Le Gouvernement propose :
- D’étendre les missions de services publics au secteur privé !
- De passer d’une logique de moyens, c'est-à-dire d’un budget qui répond aux missions, à une logique de résultat, c'est-à-dire un budget qui se détermine par l’activité et les résultats financiers.
- De recruter des médecins hospitaliers sur la base de contrat d’objectifs et de moyens qui les contraindront de respecter les objectifs financiers.
- Les modalités d’administration de l’hôpital seront une nouvelle fois bouleversées :
o en supprimant les prérogatives du conseil d’administration au profit d’un pouvoir administratif et en affaiblissant le pouvoir des élus locaux
o en consacrant le Directeur comme seul pilote et en contractualisant ses fonctions pour instituer des règles de gestion privée.
o En éclatant les services hospitaliers en pôles qui auront une autorité fonctionnelle, c’est-à-dire des pouvoirs sur les équipes médicales, soignantes et administratives qui relevaient jusqu’alors au directeurd’hôpital.
o En voulant mettre en place l’intéressement financier des personnels aux résultats du pôle.
- La constitution de communautés de territoires sans assurer aucune garantie aux personnels sur leur affectation.
- La mise en place de règle de gestion et de gouvernance du secteur privé.
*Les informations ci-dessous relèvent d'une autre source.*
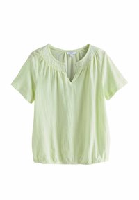 PETITE FIT - SHORT SLEEVE NOTCH NECK SHIRRED BUBBLEHEM T-SHIRT . - Blouse - green palm print
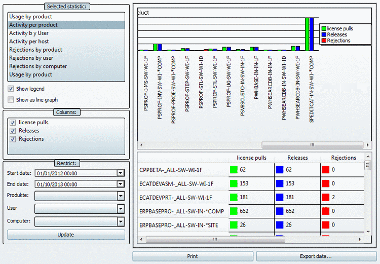 The statistic Usage by product lists the maximally available and used Floating licenses for all products within the defined period of time. If the number of In use (floating) licenses is very close to the number of available licenses, then you should consider the increase of capacity, even if there were no rejections yet. Also see the statistic types Rejections by product, Rejections by user and Rejections by computer.
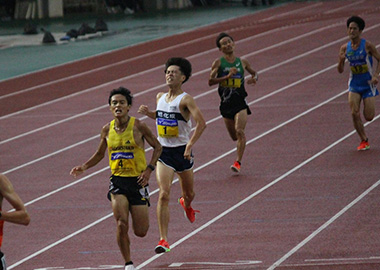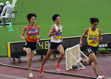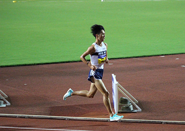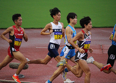 男子5000m第2組に亀田、山本が出場。序盤、亀田は先頭集団前方、山本は後方に位置取りレースを進めました。最初の1000mを2分45秒で通過すると、3000m付近で縦長の展開になりました。4000mで亀田が飛び出しましたが、力及ばず5位13分47秒45でゴール。山本は3000mからじわじわと離されて10位13分56秒98でした。
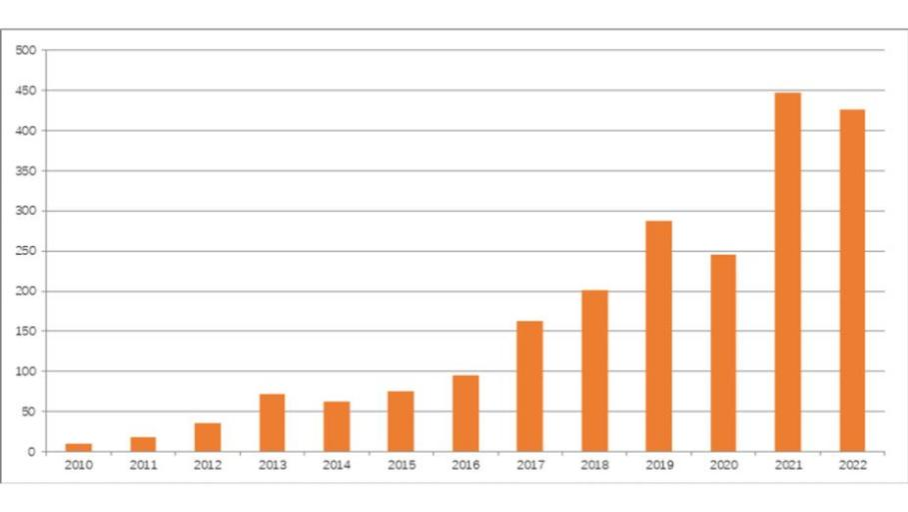 图1 2010—2022年云计算数据中心冷却专利技术申请量
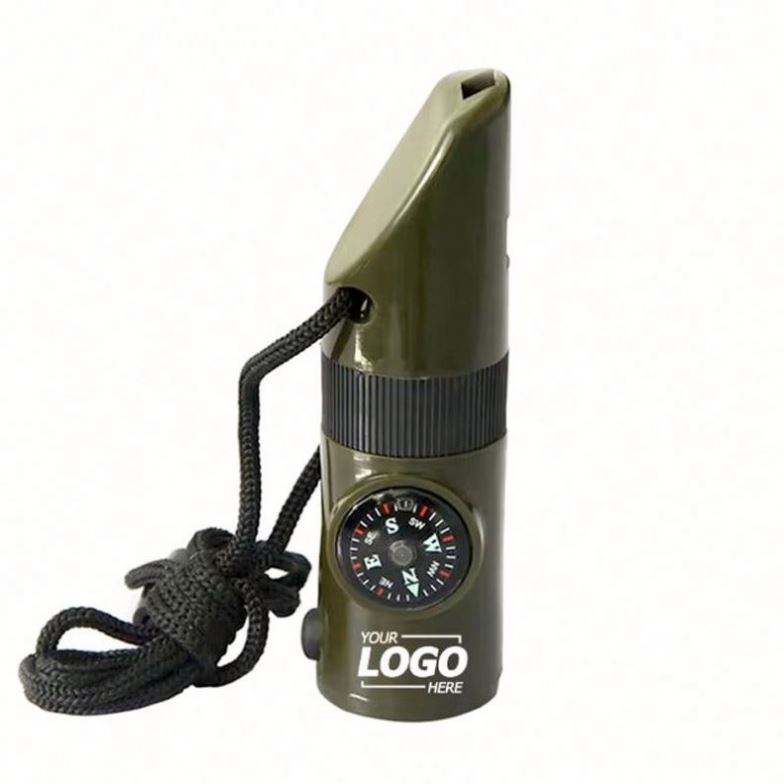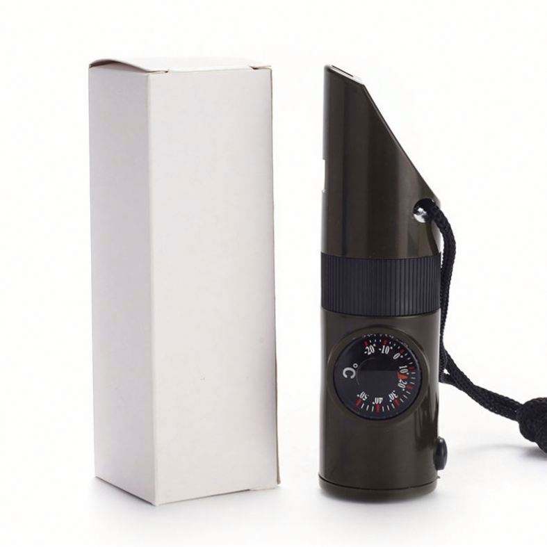 Custom High Decibel Waterproof Outdoor Survival Whistle with Compass LED Flashlight Reflector & Lanyard for Camping Spring
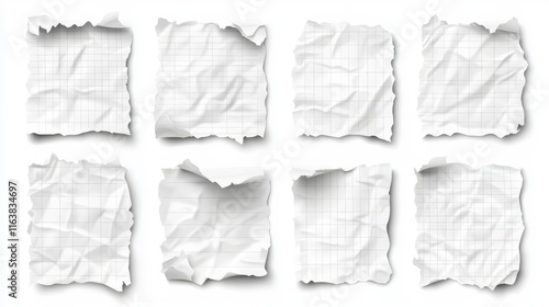 Paper pieces with wrinkles and torn edges. Realistic vector illustration set of empty white, lined and checkered pages with crumpled effect. Design mockup of blank sheet with crease and rough border.
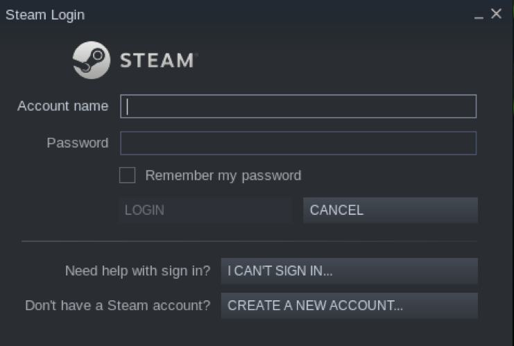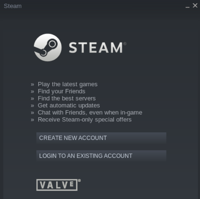 When the additional packages are downloaded and installed successfully, Steam’s dashboard screen will appear. Create a new account or use an existing account to log in.
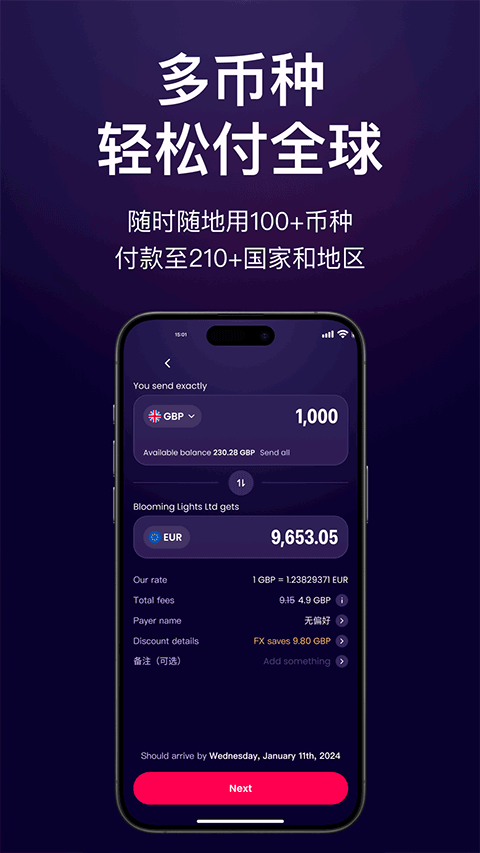 用了一段时间后发现,它功能真的很强大:支持100多种货币,收款、付款都能搞定;最快1分钟开户,手续费还低到几乎没有;最关键的是提现到账特别快,甚至秒级到账。对于像我这样经常要处理跨国转账的人来说,真的是神器!
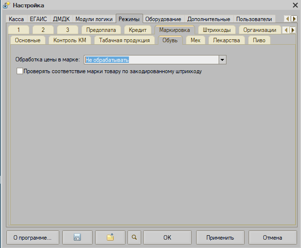 Флаг "Проверять соответствие марки товару по закодированному штрихкоду"
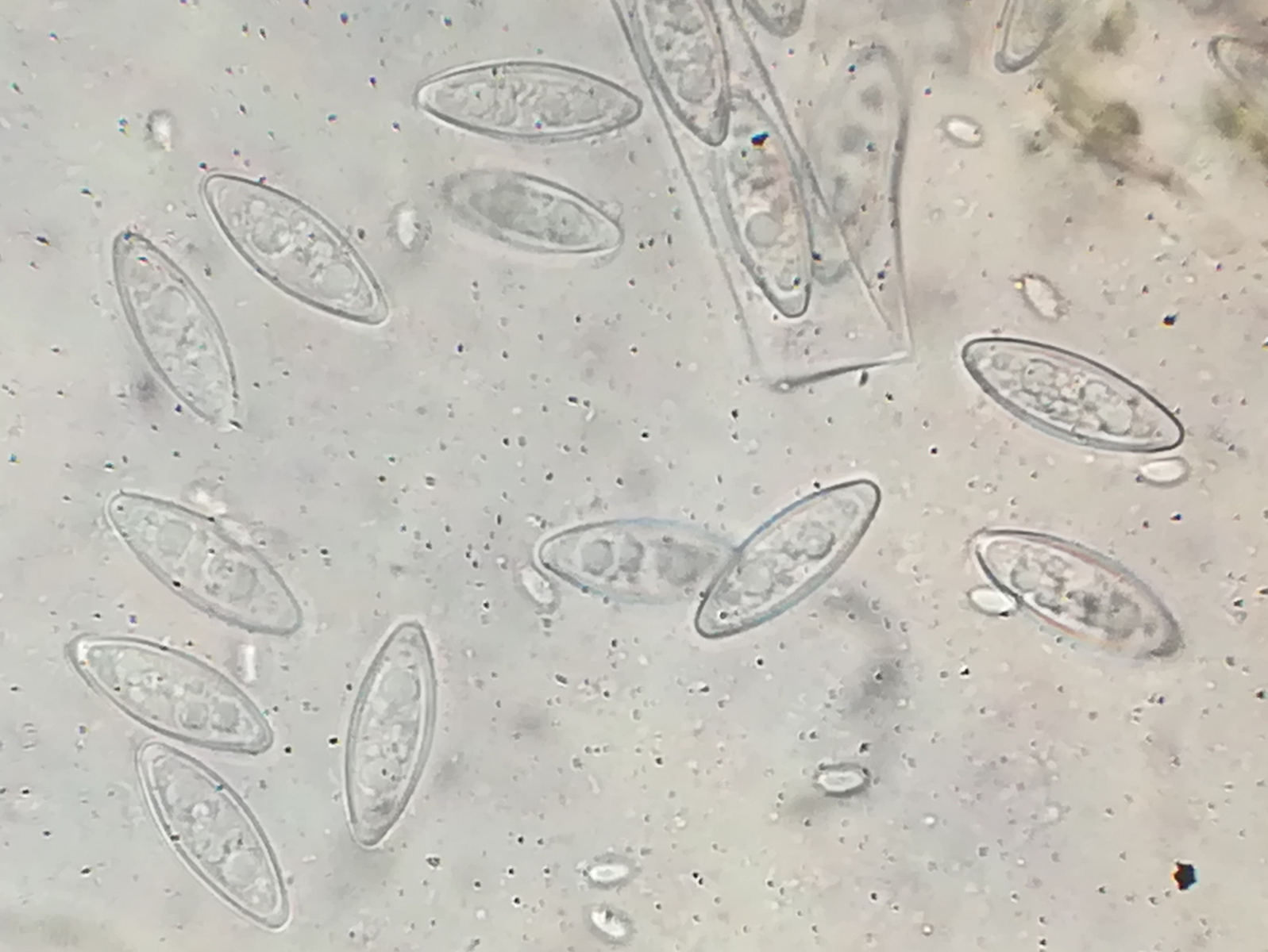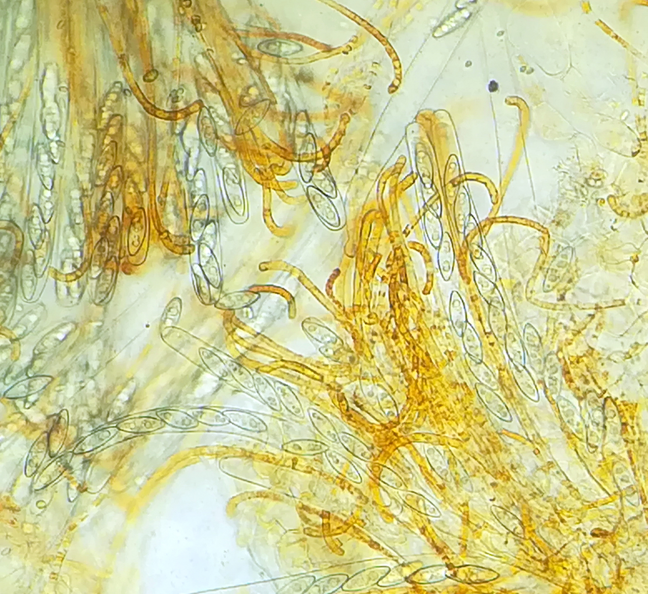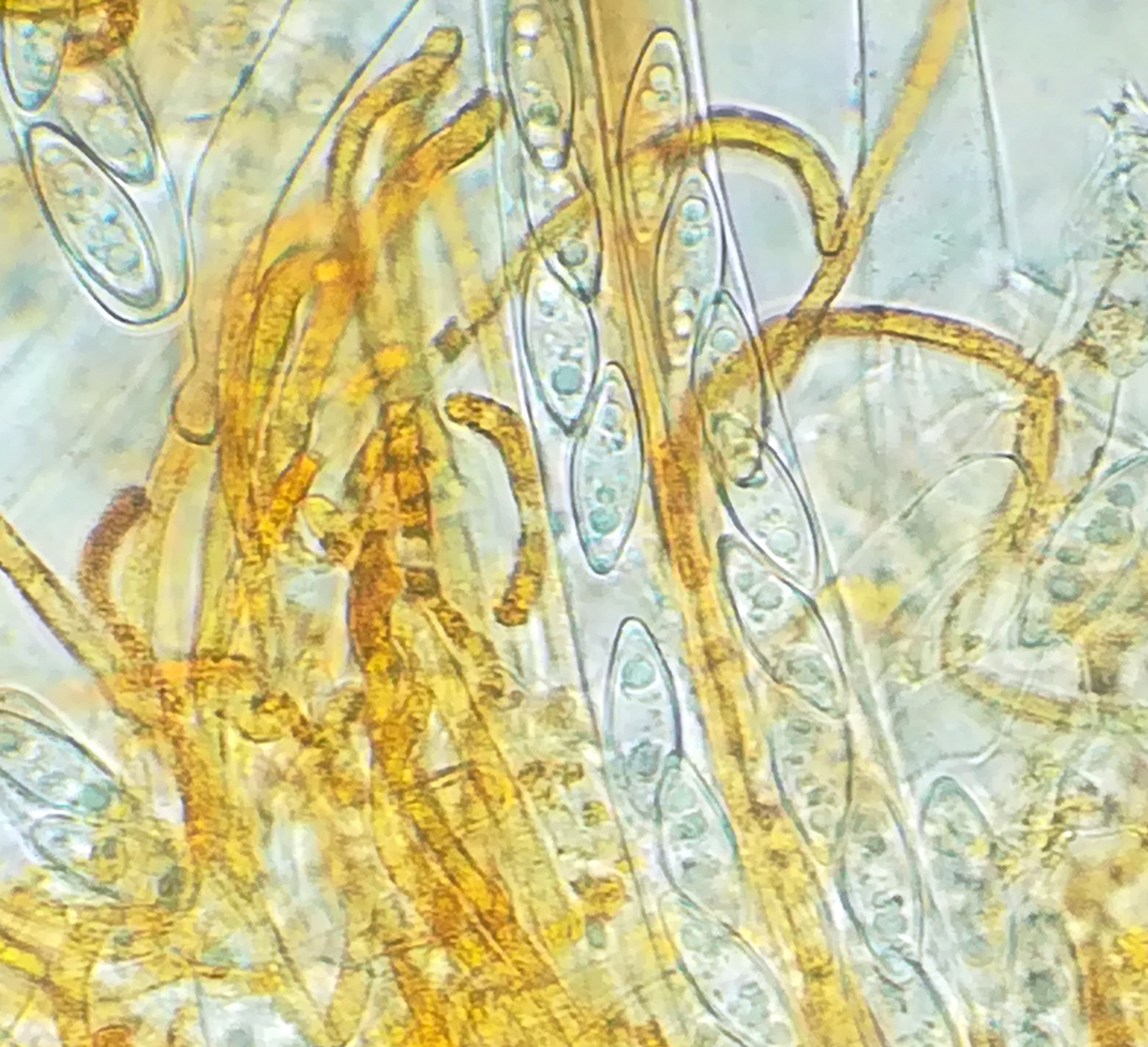 auf unserer Tour am letzten Wochenende in der Krelinger Heide fanden wir an mehreren Stellen kleine Becherchen im dicken Moos. Die Stellen werden sehr gut von Kaninchen, Hasen, Rehen und Heidschnucken frequentiert, daher ist ein Kontakt mit Urin nicht unwahrscheinlich. Eigentlich weist dieser Umstand, sowie die apikal gekrümmten Paraphysen auf Byssonectria terrestris hin. Was mich allerdings irritiert ist das fehlende Subikulum, sowie die Sporengröße (schwankt kaum um 25 x 8 µm). Daher die Frage: Darf B. terrestris das?![]()
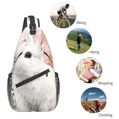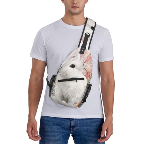 Rabbits And Floral Multi Functional Adjustable Single Shoulder Crossbody Bag,Casual Chest Bag, Suitable For Daily Travel,Unisex
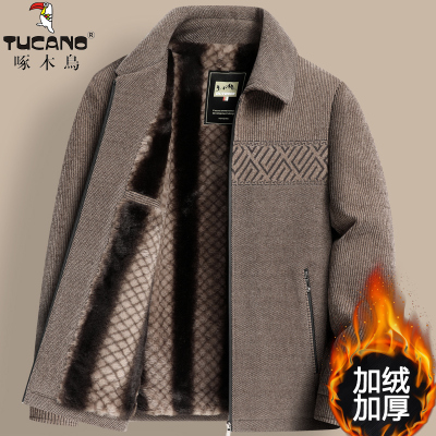 啄木鸟中老年人毛呢夹克男爸爸冬装外套加绒加厚冬季爷爷保暖棉衣
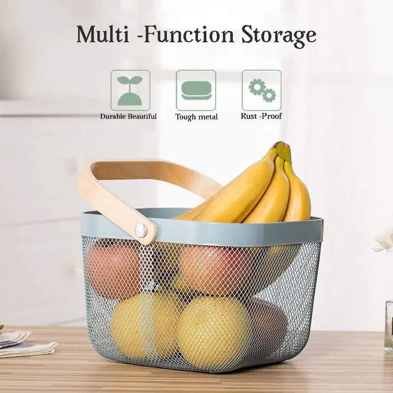 La conception ouverte permet de trouver facilement et rapidement ce dont vous avez besoin. Le design moderne rend votre espace propre et bien rangé. La maille métallique est robuste et durable, et la poignée en bois est facile à transporter. Il peut être utilisé pour organiser divers articles ménagers et articles de cuisine, tels que des fruits, de la nourriture, des jouets, des articles de toilette, etc. Cadeau parfait pour la famille et les amis.
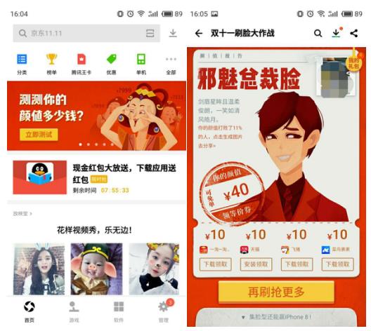 双十一期间,应用宝联合京东、天猫、唯品会、网易考拉、蘑菇街、国美、苏宁等14家头部电商为用户发放16亿壕礼。10月27日开始,用户在应用宝段内通过AI扫脸的玩法,即可领取到包含无门槛优惠券、满减活动、新人大礼包等涵盖数码、家电、美妆等多品类的优惠。
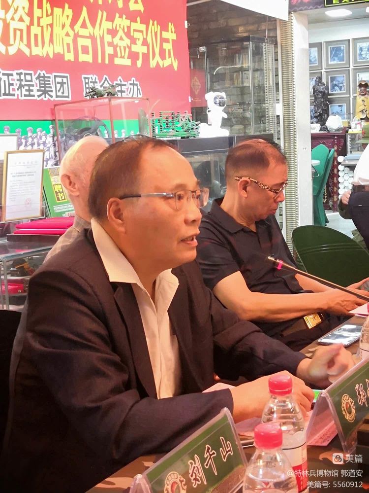 陈勇耀馆长介绍了在2023年八一建军节期间,特林兵博物馆专题片在央视和全国400多家电视台联播情况,并提出,抢救特林兵历史,传播特林兵精神,赓续红色血脉,传承民族文化,是特林兵博物馆的创馆宗旨。兵博团队在深圳坚持坚守20多年,终于获得了社会的认可。今天,我们与新征程集团深度战略合作,借助双方的资源,为退役军人就业创业提供更好帮扶服务。
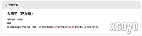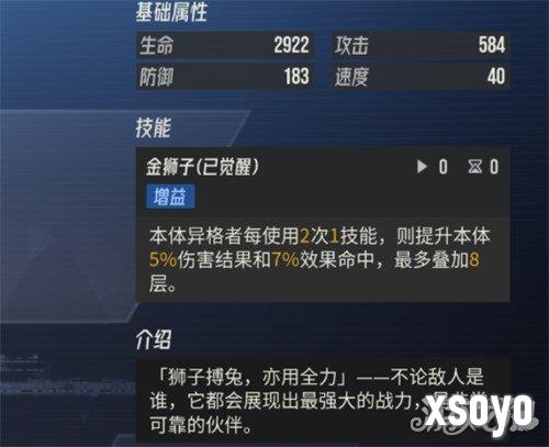 因为游戏当中即使是达到了四星的稀有度也不一定代表好用,但是这里的金狮子算是一个基础能力就比较高的攻击型智壳,它在整体能力上面是拥有一定的增益机制,使用了技能之后,它可以给本体带来一定的命中提升效果,这里的话会根据它的伤害结果来进行判定,因为命中效果也是有比例提升的,伤害结果越好的情况下,它带来的命中加成就越多,补增益能力也是可以叠加多层命中的,所以这个机制在搭配上,智壳自身有比较高的暴击数值的时候,就可以带来足够多的提升,那么金狮子在额外的优势上面还有一个自带的追击技能,所以战斗的时候,金狮子也是可以积累足够的增益,带来大幅度伤害的。

Par exemple l’idée de certifier les comptes par un cabinet privé, alors qu’ils sont contrôlés par le trésor public et la chambre régionale des comptes.
- La mise en place forcée de communauté hospitalière de territoire (C.H.T.) imposant le rapprochement avec le secteur privé
- La mise en place d’une Agence Régionale de Santé qui va « étatiser » la sécurité sociale voulant ainsi à terme, distinguer la solidarité et la couverture individuelle qui serait assurée par des assureurs privés.
Ce projet de Loi est dans la continuité de la réforme générale de la Politique Publique qui a présidé la suppression des tribunaux, des casernes, et aujourd’hui des hôpitaux.
Cette Loi, si elle est votée en l’état, ne résoudra en rien le déficit de la sécurité sociale et réduira la place de l’hôpital public dans le dispositif de soins.
En clair, le Gouvernement met l’hôpital public dans les rails de la privatisation, comme la Poste. La santé ne saurait être confiée au seul secteur marchand.